### Action item
Nothing but the lines below from the one holding "演練開始前,三水廠負責人對全" up to and including the one holding "امروز هشتم مارچ،" should be copied, exactly and without pictures.

### Data for this task
::::::::::

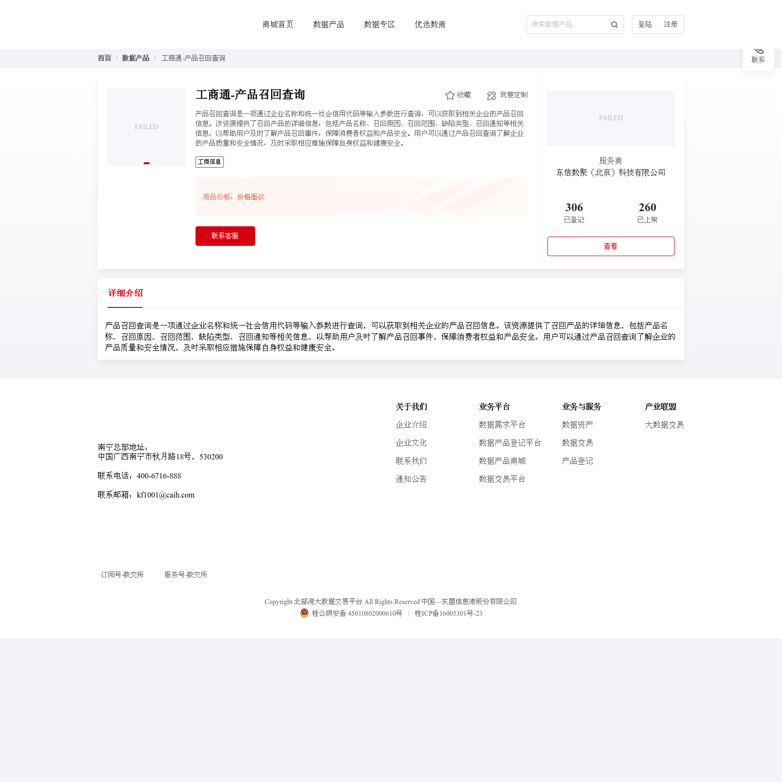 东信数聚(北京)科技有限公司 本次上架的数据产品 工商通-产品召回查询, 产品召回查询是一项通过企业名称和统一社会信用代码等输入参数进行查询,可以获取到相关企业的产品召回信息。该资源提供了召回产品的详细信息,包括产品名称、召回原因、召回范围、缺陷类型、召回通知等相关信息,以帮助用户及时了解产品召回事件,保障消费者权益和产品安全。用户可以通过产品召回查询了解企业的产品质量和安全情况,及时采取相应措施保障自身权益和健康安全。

::::::::::

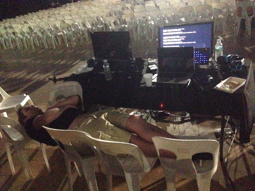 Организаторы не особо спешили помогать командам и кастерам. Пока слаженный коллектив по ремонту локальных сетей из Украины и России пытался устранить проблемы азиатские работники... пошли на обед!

::::::::::

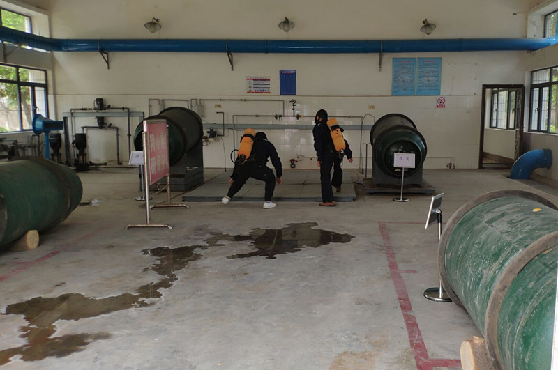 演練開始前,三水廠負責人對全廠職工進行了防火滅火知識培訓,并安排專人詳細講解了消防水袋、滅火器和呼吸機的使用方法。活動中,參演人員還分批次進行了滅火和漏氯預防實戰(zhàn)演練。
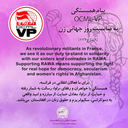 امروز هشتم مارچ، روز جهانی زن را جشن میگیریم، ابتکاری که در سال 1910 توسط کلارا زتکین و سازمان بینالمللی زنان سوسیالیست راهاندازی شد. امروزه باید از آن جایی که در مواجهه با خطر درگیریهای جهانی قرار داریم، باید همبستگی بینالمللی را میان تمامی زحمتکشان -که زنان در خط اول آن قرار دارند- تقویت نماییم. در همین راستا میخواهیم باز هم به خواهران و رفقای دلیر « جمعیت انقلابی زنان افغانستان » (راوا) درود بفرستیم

::::::::::

### Answer to this problem
 演練開始前,三水廠負責人對全廠職工進行了防火滅火知識培訓,并安排專人詳細講解了消防水袋、滅火器和呼吸機的使用方法。活動中,參演人員還分批次進行了滅火和漏氯預防實戰(zhàn)演練。
 امروز هشتم مارچ، روز جهانی زن را جشن میگیریم، ابتکاری که در سال 1910 توسط کلارا زتکین و سازمان بینالمللی زنان سوسیالیست راهاندازی شد. امروزه باید از آن جایی که در مواجهه با خطر درگیریهای جهانی قرار داریم، باید همبستگی بینالمللی را میان تمامی زحمتکشان -که زنان در خط اول آن قرار دارند- تقویت نماییم. در همین راستا میخواهیم باز هم به خواهران و رفقای دلیر « جمعیت انقلابی زنان افغانستان » (راوا) درود بفرستیم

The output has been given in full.